I felt a lightness of spirit that I hadn't felt since I was a little child. I actually began to skip down the sidewalk and stopped only because I didn't want to frighten my neighbors. I will never forget the deep sense of well-being and joy I had that morning. That profoundly healing image brought me great peace and still does.

I began to grow more comfortable using imagery as a tool to heal myself. A few months later I was having one of those days filled with frustration that make you want to scream until your teeth fly out of your mouth. I started to slip into an old pattern, pulling up the long mental list of all the bad days in my life as proof that I was a total loser.
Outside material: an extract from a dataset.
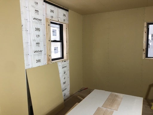 現在1階部分を張り終わり2階部分を張り始めました。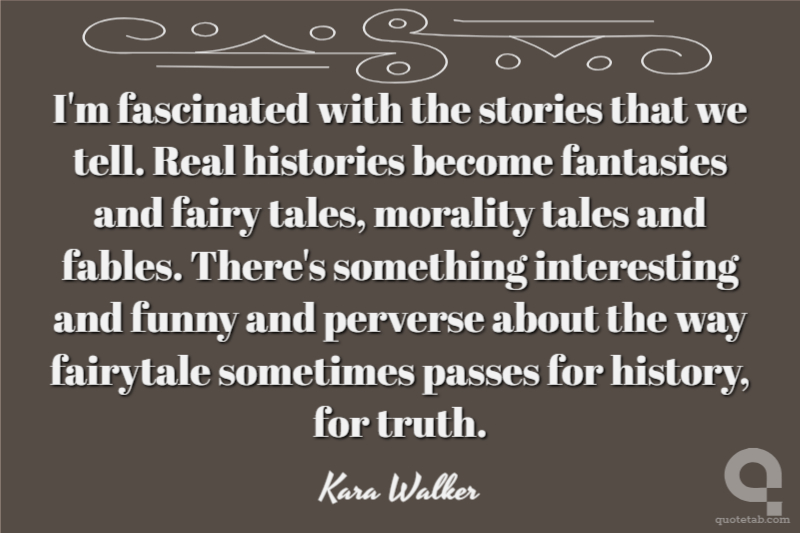 I'm fascinated with the stories that we tell. Real histories become fantasies and fairy tales, morality tales and fables. There's something interesting and funny and perverse about the way fairytale sometimes passes for history, for truth. Kara Walker

This time I had the clarity to stop myself before I got too far into the long, boring list of "poor me's." It suddenly occurred to me that I had an equally long list of good things in my life but I never thought to trot those out and dwell on them. I suddenly had a memory of an add-a-pearl necklace that a little girl in my neighborhood had received as a gift. It was just a plain gold chain, and on birthdays or special occasions people would gift her pearls to add to the chain with the hopes that someday she would have a long, beautiful strand of pearls.